Produce an exact transcription of the listing below, omitting the pictures.

» **Supplied material**:
━━━━━━━━━━

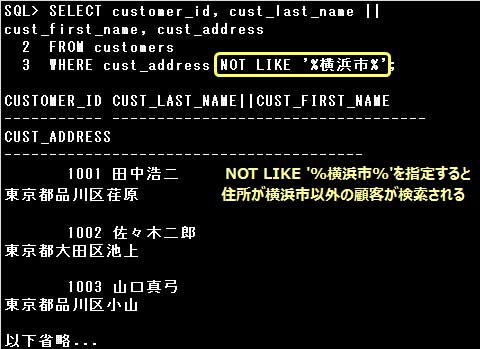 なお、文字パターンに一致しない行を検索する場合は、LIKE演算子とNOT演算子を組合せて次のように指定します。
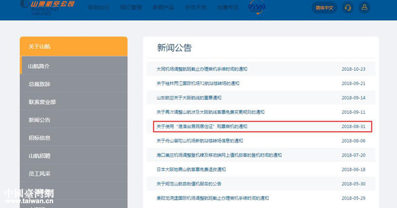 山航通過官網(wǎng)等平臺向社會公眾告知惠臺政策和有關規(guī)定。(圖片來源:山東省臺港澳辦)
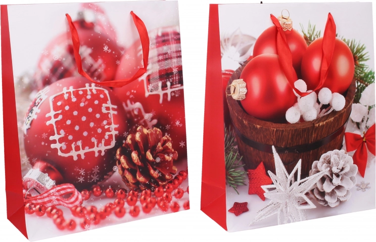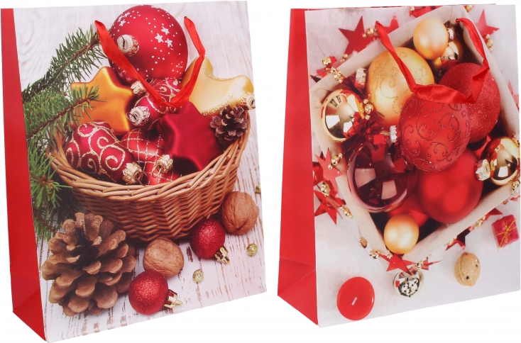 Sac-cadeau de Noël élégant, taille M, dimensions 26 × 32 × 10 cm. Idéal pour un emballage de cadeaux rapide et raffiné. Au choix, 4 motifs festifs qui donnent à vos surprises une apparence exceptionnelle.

━━━━━━━━━━

» **Response to this exercise**:
 なお、文字パターンに一致しない行を検索する場合は、LIKE演算子とNOT演算子を組合せて次のように指定します。
 山航通過官網(wǎng)等平臺向社會公眾告知惠臺政策和有關規(guī)定。(圖片來源:山東省臺港澳辦)
 Sac-cadeau de Noël élégant, taille M, dimensions 26 × 32 × 10 cm. Idéal pour un emballage de cadeaux rapide et raffiné. Au choix, 4 motifs festifs qui donnent à vos surprises une apparence exceptionnelle.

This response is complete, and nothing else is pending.